*** Opening of EXCERPTED DATA ***

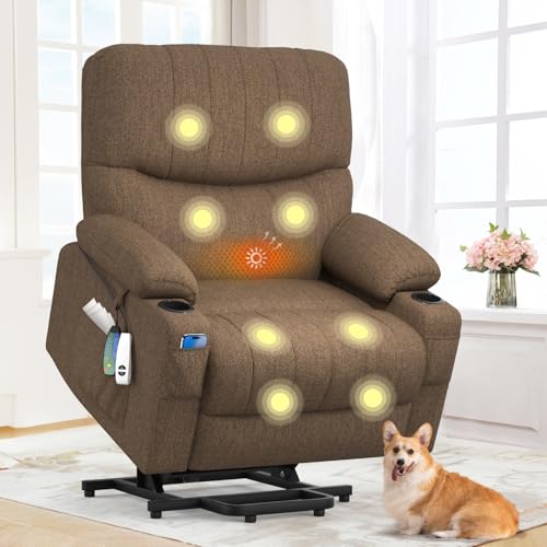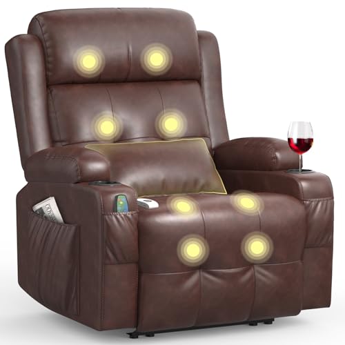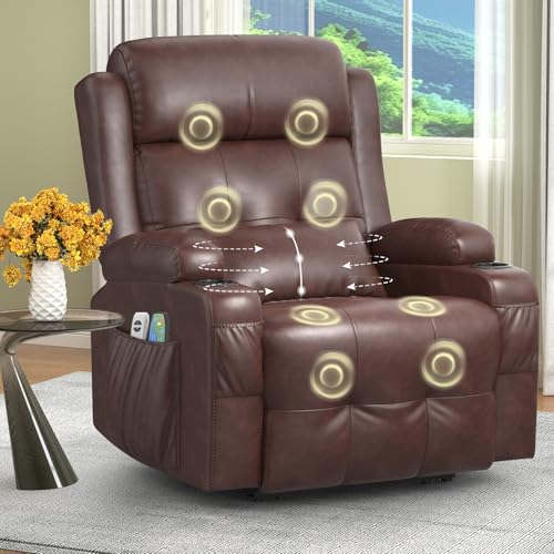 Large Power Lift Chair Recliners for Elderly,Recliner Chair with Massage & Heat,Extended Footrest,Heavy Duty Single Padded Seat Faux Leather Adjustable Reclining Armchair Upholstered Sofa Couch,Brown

*** Close of EXCERPTED DATA ***
*** Opening of EXCERPTED DATA ***

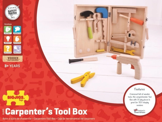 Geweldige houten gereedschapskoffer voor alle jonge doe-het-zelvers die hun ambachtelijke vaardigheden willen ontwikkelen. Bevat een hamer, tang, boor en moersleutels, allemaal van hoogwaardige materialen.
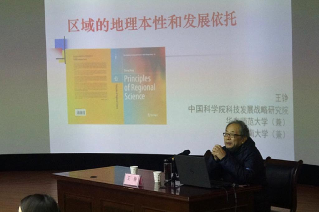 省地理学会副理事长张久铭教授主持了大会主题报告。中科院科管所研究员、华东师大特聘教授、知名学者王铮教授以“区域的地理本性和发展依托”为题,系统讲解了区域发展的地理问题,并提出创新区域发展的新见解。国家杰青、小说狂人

*** Close of EXCERPTED DATA ***

**WORK REQUEST**
Give again the stretch of the entries above that begins at the line with "Geweldige houten gereedschapskoffer" and ends at the line with "省地理学会副理事长张久铭教授", word for word, with no pictures.

**OUTPUT OF THE EXERCISE**
 Geweldige houten gereedschapskoffer voor alle jonge doe-het-zelvers die hun ambachtelijke vaardigheden willen ontwikkelen. Bevat een hamer, tang, boor en moersleutels, allemaal van hoogwaardige materialen.
 省地理学会副理事长张久铭教授主持了大会主题报告。中科院科管所研究员、华东师大特聘教授、知名学者王铮教授以“区域的地理本性和发展依托”为题,系统讲解了区域发展的地理问题,并提出创新区域发展的新见解。国家杰青、小说狂人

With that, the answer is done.